If I were only going to use a blower in your situation and budget limitations, I'd get the deluxe 28. Your area doesn't get that much snow and the 28" bucket will make life easier on such a long haul.


If you're not comfortable doing repairs yourself, get a new one but frankly these things aren't that complicated. A socket set and an adjustable wrench are about all you need to do anything on these machines.


A used machine should start easily and move without any slipping. Beyond that it's really just belts that may fail.


Here's a quick video of me repairing my Plat 24 after I sucked a tarp into it. I did it in the driveway.








Good luck whatever you decide.


----------



## grayhairedfreak (Oct 15, 2018)

Thanks to everyone for their input. Today I pulled the trigger on a previous-gen (921031) Deluxe 24. Used less than 5 times, paid $500 and new one would cost me $1,100 including tax and delivery. It's a flippin' beast even at 24". I know several recommended a wider model but the size works for me and it's only a few extra passes.

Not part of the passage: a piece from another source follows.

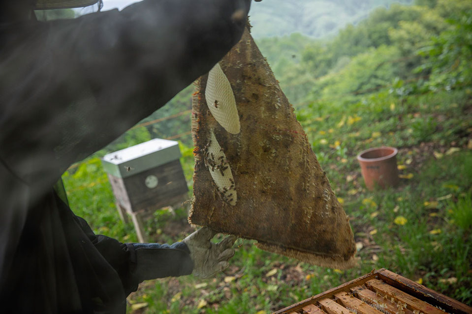 「ワーッ、すごい。蜜入った」と豪さんが声に出す。巣枠の上に掛けてある麻布をめくるとムダ巣が付いている。豪さんは、蜜巣板の表面をピンセットで引っかいて蜜蓋を崩し、蜂が蜜を食べられるようにしてやっている。「ケンポナシの蜜が入ったかな、売るほどは採れないんで……、でも、ほんとはすごく美味しいです」。次の採蜜までの餌としてケンポナシの蜜を蜜蜂に与えているのだ。「次に狙っている花があって……、ボダイジュです。今年、咲きそうなんで待っているんです。去年はラベルまで作って待っていたんですけど、咲かなくて……」と、いかにも待ち焦がれているように豪さんが話す。

I'll probably be lots of other questions, so thanks in advance for your patience!


----------



## Kiss4aFrog (Nov 3, 2013)

The best snowblower is the one that makes you happy and doesn't let you down in the middle of a storm. :wink2:

.


----------



## grayhairedfreak (Oct 15, 2018)

Kiss4aFrog said:


> The best snowblower is the one that makes you happy and doesn't let you down in the middle of a storm. :wink2:
> 
> .


Thank you! Can you speak to the 921031? Good generation of Ariens?


----------



## GoBlowSnow (Sep 4, 2015)

I think it will be. it's not meant for big heavy jobs, just your average 8-12 inch snow storm.


----------



## gkesty (Oct 29, 2018)

*Recommendation*

Hard to believe that a 28" SHO wont do. I've had an Ariens 28" with tires since 2004 and its handled hills well unless there is a layer of pure ice on it like a skating rink. Never had the feeling that I needed to upgrade to a trac drive, although my neighbor at the end of the culdesac bought a trac drive honda for his rediculously steep driveway and was always satisfied. If the slope is really aggressive and you slip trying to walk up or down it in the winter, I'd go with the trac drive. 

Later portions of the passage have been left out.